Non, c'est strictement interdit. Si ton logement fait l'objet d'un bail d'habitation classique, tu ne peux pas le sous-louer en meublé de tourisme, même ponctuellement. Cette pratique constitue une violation du contrat de bail et peut entraîner sa résiliation pour faute grave. De plus, elle expose à des sanctions pénales pour sous-location illégale.
Que se passe-t-il si je dépasse les 120 jours autorisés dans ma résidence principale ?
Le dépassement du seuil de 120 jours expose à une amende de 1 000 euros par logement, pouvant atteindre 5 000 euros en cas de récidive. Les plateformes bloquent normalement les réservations automatiquement, mais certains propriétaires tentent de contourner cette limitation en utilisant plusieurs plateformes. Les autorités croisent désormais ces données pour détecter les dépassements.
Mon règlement de copropriété interdit-il automatiquement la location meublée de tourisme ?
Pas automatiquement, mais c'est possible. Depuis la loi ELAN, les copropriétaires peuvent voter l'interdiction ou l'encadrement de ces locations à la majorité simple. Si ton règlement de copropriété ne mentionne rien sur ce sujet, vérifie les derniers procès-verbaux d'assemblée générale. En cas d'interdiction votée, elle s'applique immédiatement et peut donner lieu à des actions en justice de la part du syndic ou des autres copropriétaires.

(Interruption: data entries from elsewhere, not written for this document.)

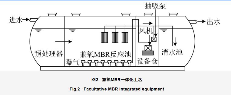為減少膜污染、提升膜壽命,王陽等[41]發明了一種旋轉膜生物氣升式循環反應器,其中膜過濾裝置包括旋轉接頭和曝氣管,膜組件可通過旋轉接頭驅動旋轉,該發明降低了設備能耗,減少了維護成本。為驗證工藝在北方寒冷地區的適用性,晁雷等[42]在遼寧省某村生活污水處理中采用兼氧MBR分散式污水處理與回用一體化工藝(圖2),工程試運行發現,采用地下埋置保溫方式,在溫度低的北方冬季該工藝能正常運行,兼性厭氧菌可適應含氧量變化,適用于進水量波動大的農村地區的生活污水處理,出水能穩定達到GB 18918—2002一級B標準。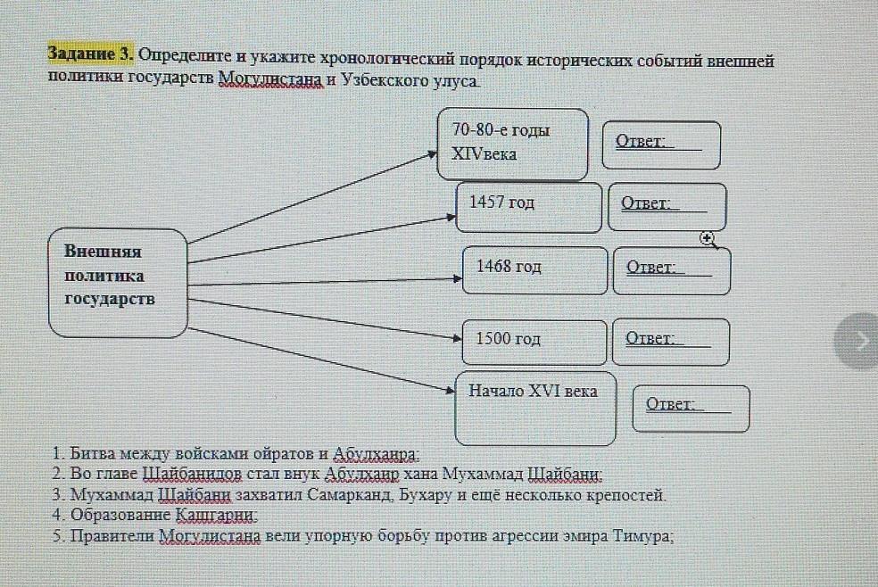 Задание 3. Определите и укажите хронологический порядок исторических событий внешней
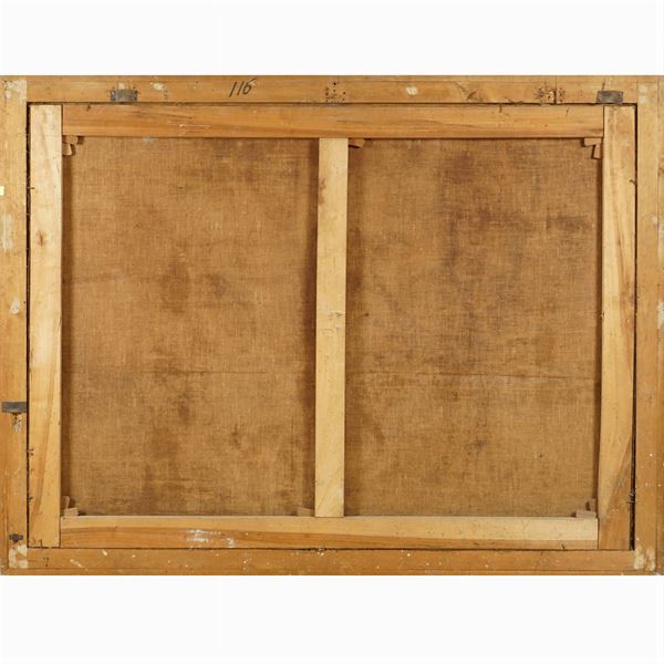 "Le tre età dell'uomo", olio su tela, entro cornice, 123x165 cm.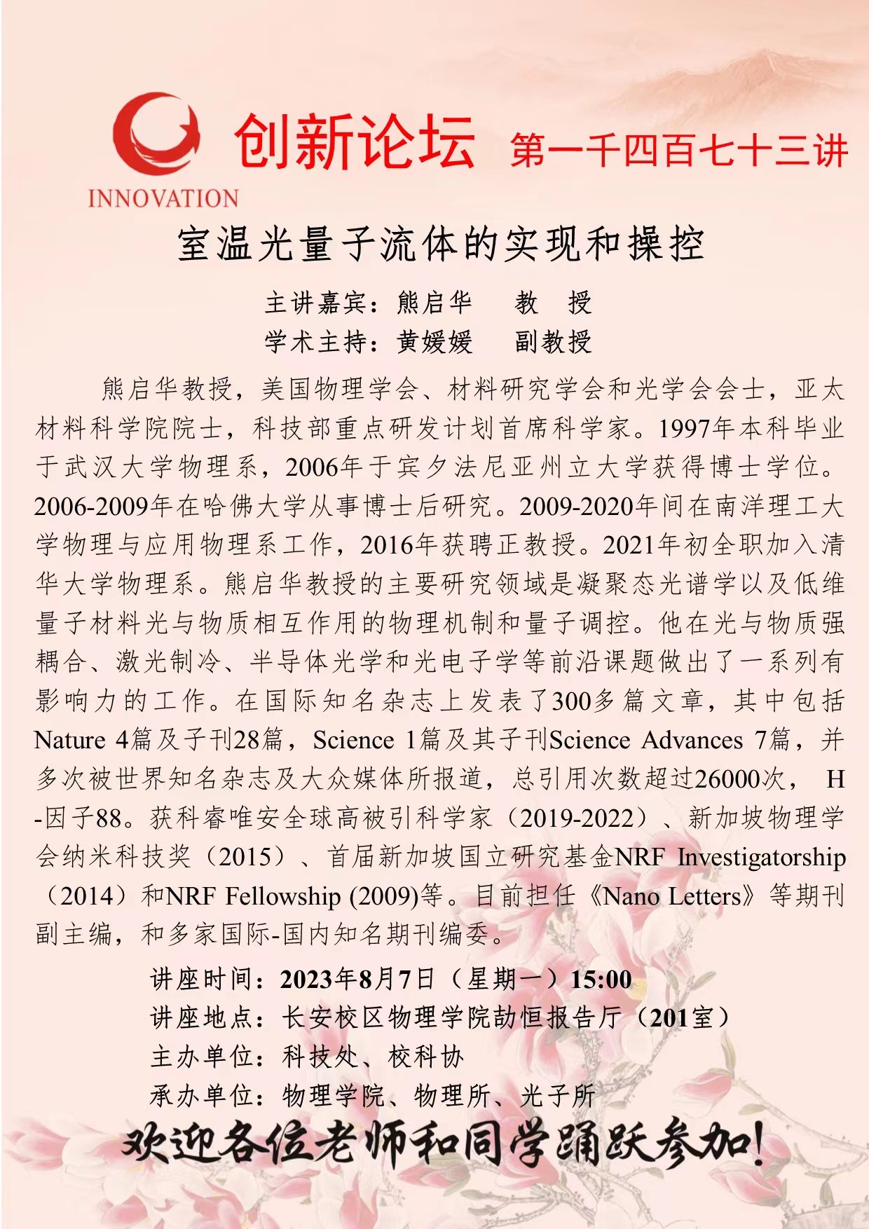 熊启华 教授 赢博官方(中国)总部创新论坛第一千四百七十三讲:温室光量子流体的实现和操控 讲座时间 2023年8月7日(星期一)15:00 讲座地点 长安校区物理学院劼恒报告厅 讲座人介绍 熊启华 教授 讲座内容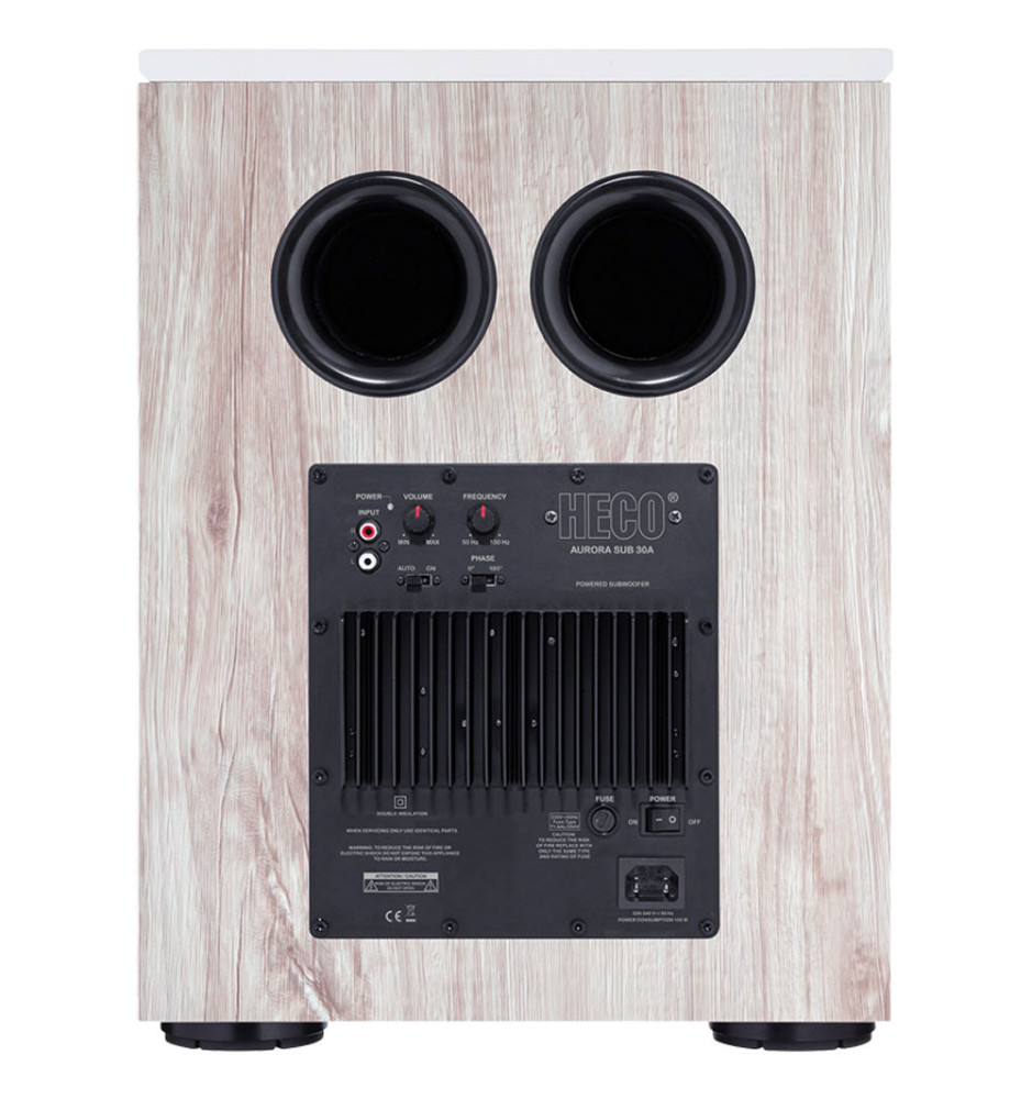 Jako przedstawiciel serii Aurora, Sub 30A urzeka swoim eleganckim wyglądem i wyjątkowymi właściwościami akustycznymi. Doskonałą prezencję subwoofera Aurora uzyskano poprzez zastosowanie matowego, jedwabistego lakieru połączonego z nowoczesnym dekorem imitującym drewno.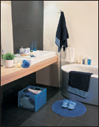 天空、海洋的蔚藍(lán)色可以讓人感到心情舒爽,很適合在炎熱的季節(jié)里表現(xiàn)出來。藍(lán)色系東西挑選余地很大,因?yàn)橘|(zhì)地的不同而折射出深淺不一的色彩。玻璃、塑料等透明的家居用品最適合設(shè)計(jì)成藍(lán)色,在燈光的照射下十分漂亮。藍(lán)色基調(diào)的浴室能讓你的疲憊在沐浴中流逝,和天一色,和海一色,真是件愜意的事情。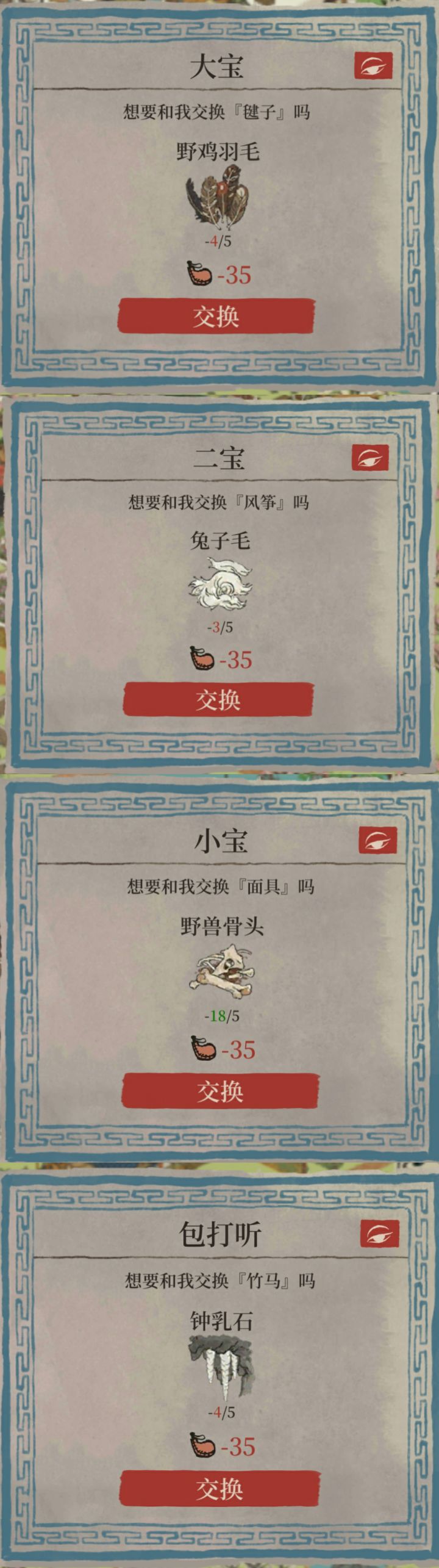 5兔子毛35体力=1风筝,5野草20体力≤1兔子毛。②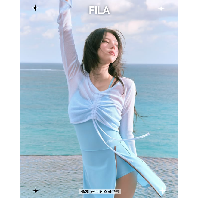 상의로는 메쉬 셔링 커버 업 제품을 착용하여 자외선으로부터 피부 지켜지켜~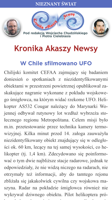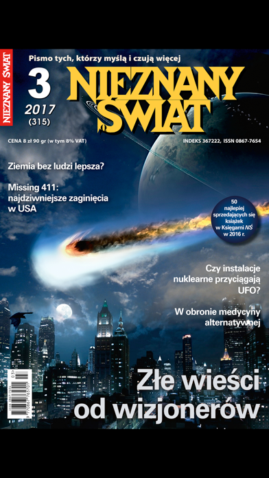 Miesięcznik „Nieznany Świat”, który w październiku 2016 r. obchodził swoje 26-lecie, jest najstarszym polskim tytułem prasowym poświęconym psychotronice, problemom rozwoju duchowego i terapiom naturalnym. Jego próbny numer ukazał się już w 1983 r., jednak ówczesne władze polityczne na wydawanie pisma nie wyraziły zgody, formułując pod adresem jego twórców zarzut, "że zamierzają propagować treści sprzeczne ze światopoglądem materialistycznym". Ostatecznie „Nieznany Świat” wszedł na rynek w 1990 r., ukazując się odtąd regularnie jako miesięcznik w nakładzie +/-80 tysięcy egzemplarzy (aktualny nakład: 70 tys.). W rankingach zagranicznych odnoszących się do rynku prasowego czasopism ezoterycznych „Nieznany Świat” wielokrotnie sytuowano wśród kilku najpoważniejszych, najlepiej redagowanych i najbardziej wiarygodnych tytułów w Europie. Wśród jego blisko stu stałych współpracowników, których nazwiska znajdują się w redakcyjnej stopce, są autorzy z całego świata i niemal wszystkich kontynentów, wśród nich liczni znani dziennikarze oraz badacze. Pismo współpracuje także z kilkunastoma wydawanymi w innych krajach tytułami o podobnym profilu, co umożliwia stałą wymianę interesujących tekstów i bieżący dopływ najciekawszych informacji. Zainstaluj aplikację, pobierz darmowe wydanie "Nieznanego Świata" i sprawdź, jak można w dowolnej chwili, gdziekolwiek jesteś (także offline – poza zasięgiem) czytać „Nieznany Świat” Aplikacja oferuje zakupy: subskrybcji kwartalnej 5,99 euro subskrybcji półrocznej 10,99 euro subskrybcji rocznej 21,99 euro jedno wydanie 1,99 euro Opłata jest pobierana przez iTunes po potwierdzeniu zakupu przez użytkownika Prenumerata odnawia się automatycznie, chyba że użytkownik zrezygnuje z jej przedłużenia, nie później jednak niż 24 godziny przed upływem bieżącego okresu prenumeraty, Opłata za przedłużenie prenumeraty zostanie pobrana z konta użytkownika w ciągu 24 godzin przed upływem bieżącego okresu prenumeraty, zgodnie z aktualnie obowiązującym cennikiem, Użytkownik może sam zarządzać prenumeratą i wyłączyć jej automatyczne przedłużenie za pomocą ustawień w swoim koncie w iTunes ('Manage subscriptions'), Użytkownik nie można zrezygnować z wykupionej prenumeraty, Po zakupie prenumeraty płatnej użytkownik traci możliwość skorzystania z okresu darmowego, jeżeli taki jest w ofercie. Polityka prywatności oraz regulamin korzystania z usług dostępny pod adresem: http://nieznany.pl/pl/i/Polityka-prywatnosci/3 http://e.nieznany.pl/upload/regulamin.pdf

La location meublée de tourisme représente une opportunité intéressante de générer des revenus complémentaires, mais elle s'inscrit dans un cadre légal de plus en plus strict qu'il est essentiel de respecter. Entre déclarations obligatoires, limitations de durée et contraintes fiscales, les obligations sont nombreuses et évoluent régulièrement. Une bonne préparation et une veille juridique constante sont indispensables pour exercer cette activité sereinement et éviter les sanctions, qui peuvent s'avérer particulièrement lourdes. Avant de te lancer, assure-toi de bien connaître les spécificités de ta commune et de ton immeuble, car les règles locales peuvent être plus restrictives que la réglementation nationale.